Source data
■ ■ ■

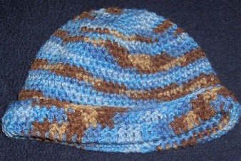 Hand crocheted newborn, rolled brim hat. 60% acrylic, 40% polyamide. Size: 13". Color: Blue baby camo. Order item: BH4. Price: $6.00. (4 available) |
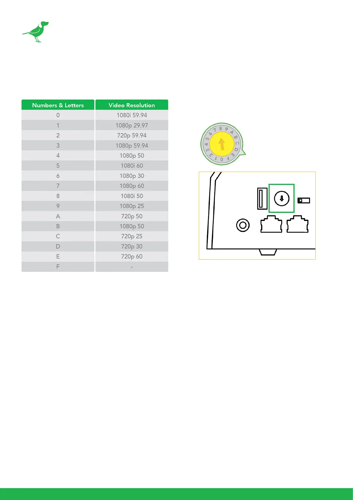birddog P240 - Video Format Selection; Rotary Switch for Video Format
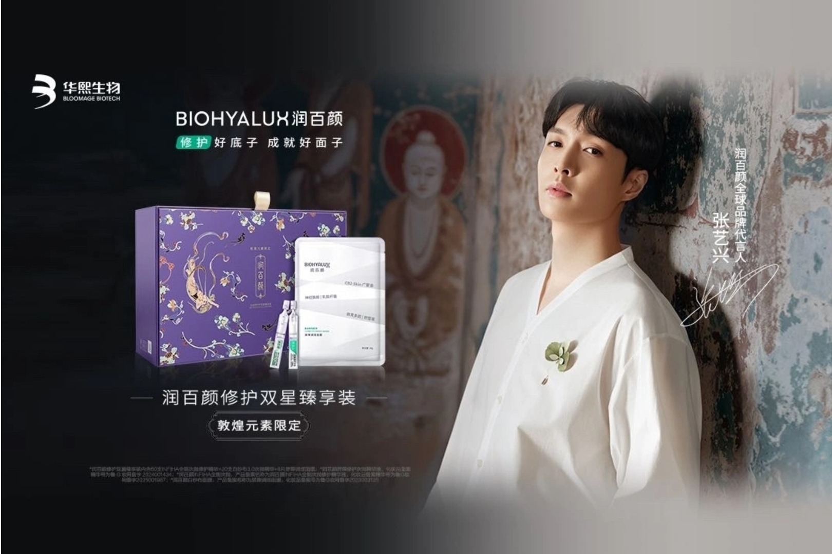 8 月 20 日,潤百顏官宣張藝興(明星代言公司)為首位全球品牌代言人。在舞臺(tái)上,張藝興以全能熱愛守護(hù)舞臺(tái)夢想;潤百顏同樣以修護(hù)之力守護(hù)肌底好狀態(tài)。此次雙方攜手,將圍繞敦煌文化共同開啟一場穿越千年的對(duì)話,揭曉「時(shí)光不蝕」的修護(hù)智慧。據(jù)悉,代言人同款「潤百顏雙星」禮盒現(xiàn)已上架各大平臺(tái)銷售,除了精美的敦煌元素外,禮盒內(nèi)含的 IHFIHA 全能次拋精華及白紗布次拋精華,也將雙效內(nèi)修外煥,一起「藝」修到底、內(nèi)外兼護(hù),成就每一寸肌膚之美。
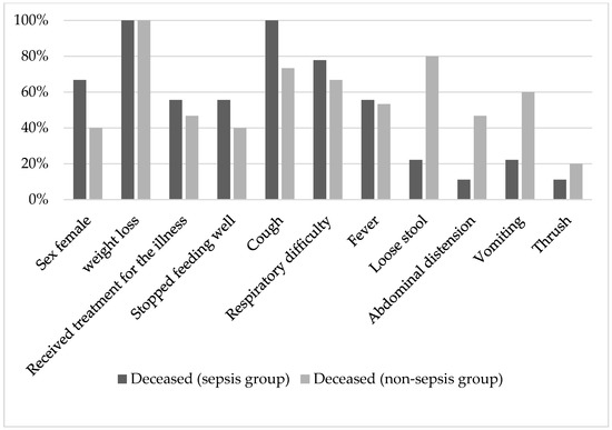 We evaluated the children who died after discharge from the hospital by doing a verbal autopsy where the caregivers of the deceased were asked several questions. The participation was voluntary, and we recorded a response rate of 77% (24 out of 31 deaths). The median time gap between discharge and death was 28 days (IQR: 10, 37.5) and 17 days (IQR: 4, 24), respectively, for the sepsis and non-sepsis groups. During post-hospitalization life, a verbal autopsy revealed most of the children from the sepsis survivor group had respiratory complaints before fatality, whereas gastrointestinal complaints were more common among the non-sepsis survivor group. Most of the children did not receive any treatment before their death, and all lost weight. Among the deceased, females were predominant (Figure 3).
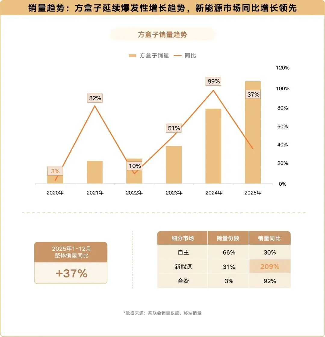 从以往进口高端的小众“硬核玩具”,到坦克300引爆国产方盒子市场实现破圈传播,如今国产方盒子借助新能源技术实现演变为大众个性消费品;2025年中国方盒子市场销量延续爆发式增长趋势,呈现“多点开花”趋势,市场结构向电动化、场景泛化演化;
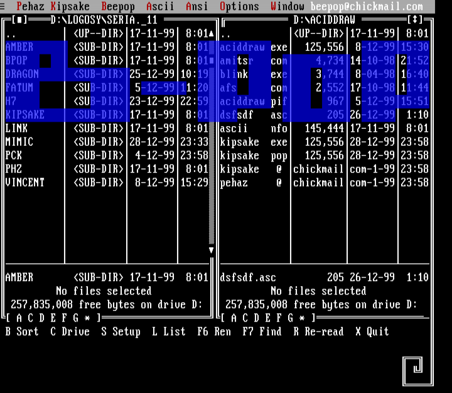 Pehaz Kipsake Beepop Ascii Ansi Options Window beepop@chickmail.com D:LOGOSYSERIA.11 D:ACIDDRAW
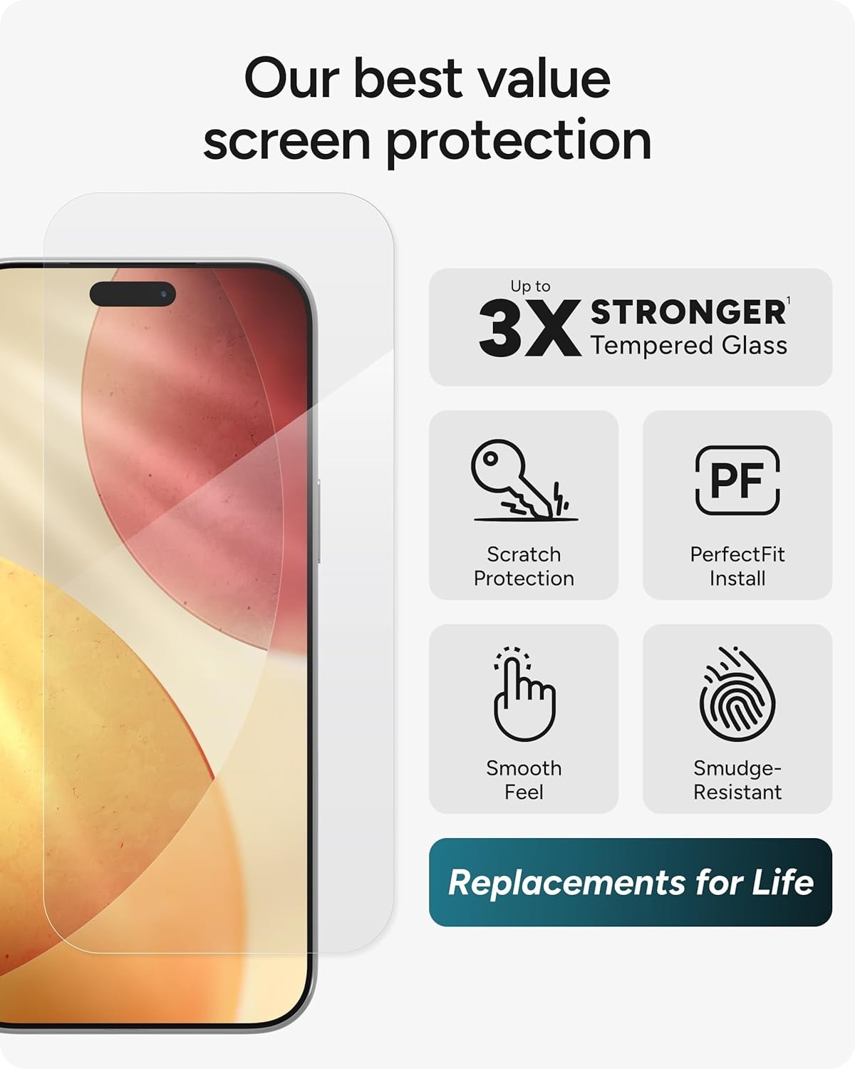 Protect your iPhone 17 Pro Max with the ZAGG Glass+ Screen Protector, engineered to be 3X stronger than standard glass for superior impact and shatter resistance. This InvisibleShield protector maintains a silky-smooth feel and crystal-clear display, while advanced scratch and oil-resistant coatings keep your screen looking pristine. Thanks to ZAGG's Easy PerfectFit installation, achieving flawless protection at home is hassle-free. Choose ZAGG for unbeatable durability and peace of mind for your device.
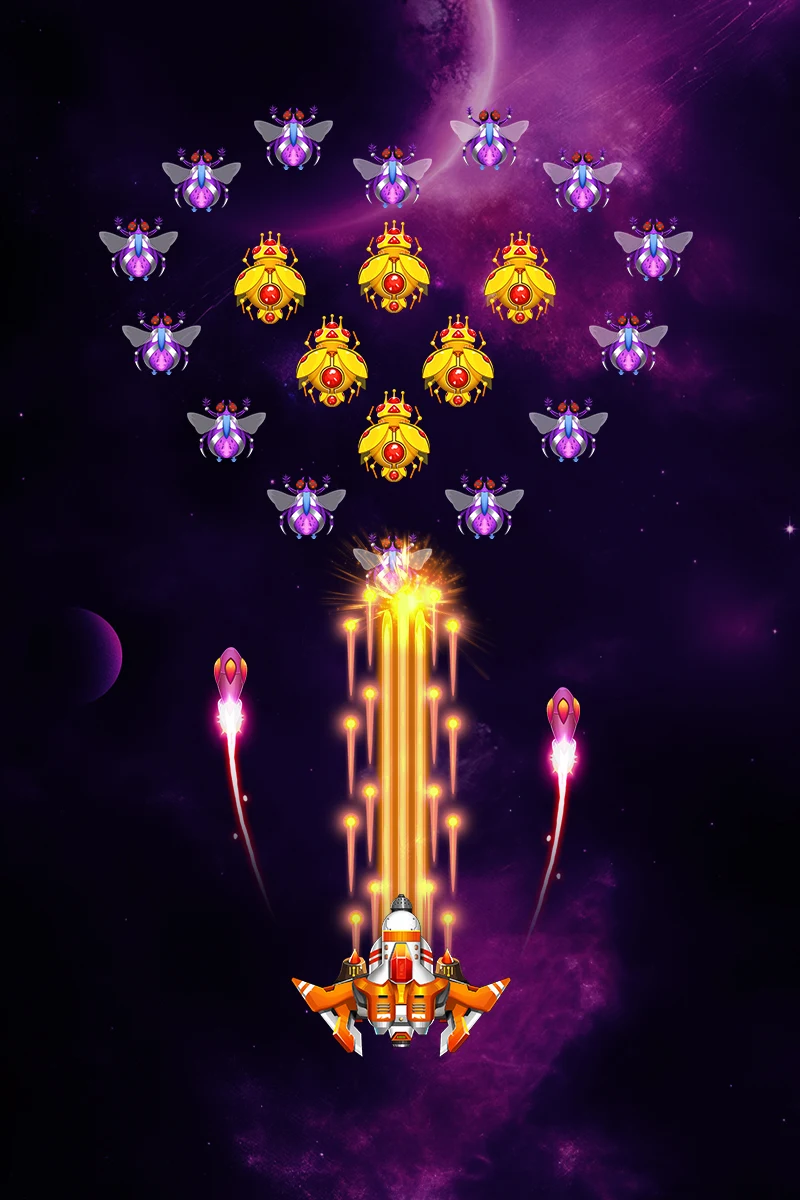 "Galaxy Battle Deep Space Shooter" is a super fun 2D vertical screen flight shooting game.The Chinese version of Galaxy War Deep Space Shooter is based on the classic shooting game Thunder Fighter to create a more cool shooting game for you. It also adds more playable elements and equipment upgrades based on it.You can continue to pass levels, eliminate more enemies, and obtain more diamonds to unlock more advanced fighters, so that you can challenge the BOSS and become the hero who saves the galaxy.

■ ■ ■

● To do
Your reply should be the entries copied exactly, with all images omitted.

● Output below
 Hand crocheted newborn, rolled brim hat. 60% acrylic, 40% polyamide. Size: 13". Color: Blue baby camo. Order item: BH4. Price: $6.00. (4 available) |
birddog P240 - Video Format Selection; Rotary Switch for Video Format
 8 月 20 日,潤百顏官宣張藝興(明星代言公司)為首位全球品牌代言人。在舞臺(tái)上,張藝興以全能熱愛守護(hù)舞臺(tái)夢想;潤百顏同樣以修護(hù)之力守護(hù)肌底好狀態(tài)。此次雙方攜手,將圍繞敦煌文化共同開啟一場穿越千年的對(duì)話,揭曉「時(shí)光不蝕」的修護(hù)智慧。據(jù)悉,代言人同款「潤百顏雙星」禮盒現(xiàn)已上架各大平臺(tái)銷售,除了精美的敦煌元素外,禮盒內(nèi)含的 IHFIHA 全能次拋精華及白紗布次拋精華,也將雙效內(nèi)修外煥,一起「藝」修到底、內(nèi)外兼護(hù),成就每一寸肌膚之美。
 We evaluated the children who died after discharge from the hospital by doing a verbal autopsy where the caregivers of the deceased were asked several questions. The participation was voluntary, and we recorded a response rate of 77% (24 out of 31 deaths). The median time gap between discharge and death was 28 days (IQR: 10, 37.5) and 17 days (IQR: 4, 24), respectively, for the sepsis and non-sepsis groups. During post-hospitalization life, a verbal autopsy revealed most of the children from the sepsis survivor group had respiratory complaints before fatality, whereas gastrointestinal complaints were more common among the non-sepsis survivor group. Most of the children did not receive any treatment before their death, and all lost weight. Among the deceased, females were predominant (Figure 3).
 从以往进口高端的小众“硬核玩具”,到坦克300引爆国产方盒子市场实现破圈传播,如今国产方盒子借助新能源技术实现演变为大众个性消费品;2025年中国方盒子市场销量延续爆发式增长趋势,呈现“多点开花”趋势,市场结构向电动化、场景泛化演化;
 Pehaz Kipsake Beepop Ascii Ansi Options Window beepop@chickmail.com D:LOGOSYSERIA.11 D:ACIDDRAW
 Protect your iPhone 17 Pro Max with the ZAGG Glass+ Screen Protector, engineered to be 3X stronger than standard glass for superior impact and shatter resistance. This InvisibleShield protector maintains a silky-smooth feel and crystal-clear display, while advanced scratch and oil-resistant coatings keep your screen looking pristine. Thanks to ZAGG's Easy PerfectFit installation, achieving flawless protection at home is hassle-free. Choose ZAGG for unbeatable durability and peace of mind for your device.
 "Galaxy Battle Deep Space Shooter" is a super fun 2D vertical screen flight shooting game.The Chinese version of Galaxy War Deep Space Shooter is based on the classic shooting game Thunder Fighter to create a more cool shooting game for you. It also adds more playable elements and equipment upgrades based on it.You can continue to pass levels, eliminate more enemies, and obtain more diamonds to unlock more advanced fighters, so that you can challenge the BOSS and become the hero who saves the galaxy.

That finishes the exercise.